* EXTRACTED DATA *
· · ·

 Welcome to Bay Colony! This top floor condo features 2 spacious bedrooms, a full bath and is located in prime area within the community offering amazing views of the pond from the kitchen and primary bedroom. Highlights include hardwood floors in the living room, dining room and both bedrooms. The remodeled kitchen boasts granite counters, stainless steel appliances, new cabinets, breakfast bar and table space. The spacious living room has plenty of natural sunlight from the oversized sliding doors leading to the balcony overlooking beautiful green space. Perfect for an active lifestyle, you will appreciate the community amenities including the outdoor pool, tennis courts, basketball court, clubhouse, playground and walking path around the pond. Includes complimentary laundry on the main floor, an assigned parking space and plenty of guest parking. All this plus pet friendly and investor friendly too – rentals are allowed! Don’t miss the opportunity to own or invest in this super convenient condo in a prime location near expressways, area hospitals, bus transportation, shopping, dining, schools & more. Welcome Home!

· · ·

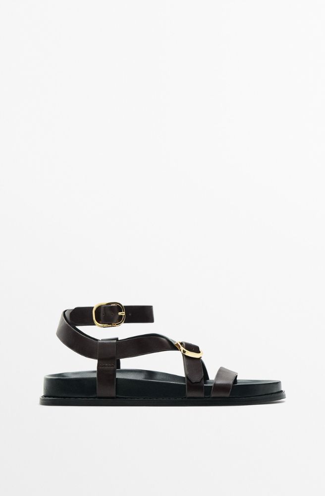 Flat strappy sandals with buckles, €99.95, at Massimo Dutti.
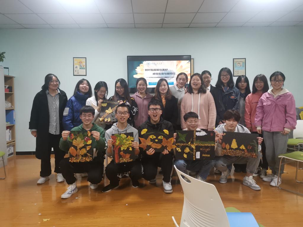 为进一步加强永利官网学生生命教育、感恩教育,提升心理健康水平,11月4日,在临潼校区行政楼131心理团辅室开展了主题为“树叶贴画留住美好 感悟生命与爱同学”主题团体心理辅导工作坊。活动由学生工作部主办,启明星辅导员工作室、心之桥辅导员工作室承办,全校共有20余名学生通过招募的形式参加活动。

· · ·

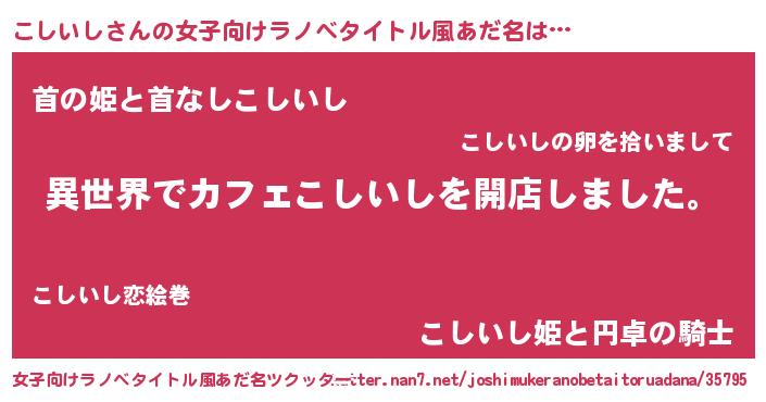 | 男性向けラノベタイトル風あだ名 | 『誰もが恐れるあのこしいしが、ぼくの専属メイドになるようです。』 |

· · ·

Could you transcribe exactly the entries above, but only the lines from the one with "Flat strappy sandals" through the one with "为进一步加强永利官网学生生命", and without pictures?

* EXERCISE RESULT *
 Flat strappy sandals with buckles, €99.95, at Massimo Dutti.
 为进一步加强永利官网学生生命教育、感恩教育,提升心理健康水平,11月4日,在临潼校区行政楼131心理团辅室开展了主题为“树叶贴画留住美好 感悟生命与爱同学”主题团体心理辅导工作坊。活动由学生工作部主办,启明星辅导员工作室、心之桥辅导员工作室承办,全校共有20余名学生通过招募的形式参加活动。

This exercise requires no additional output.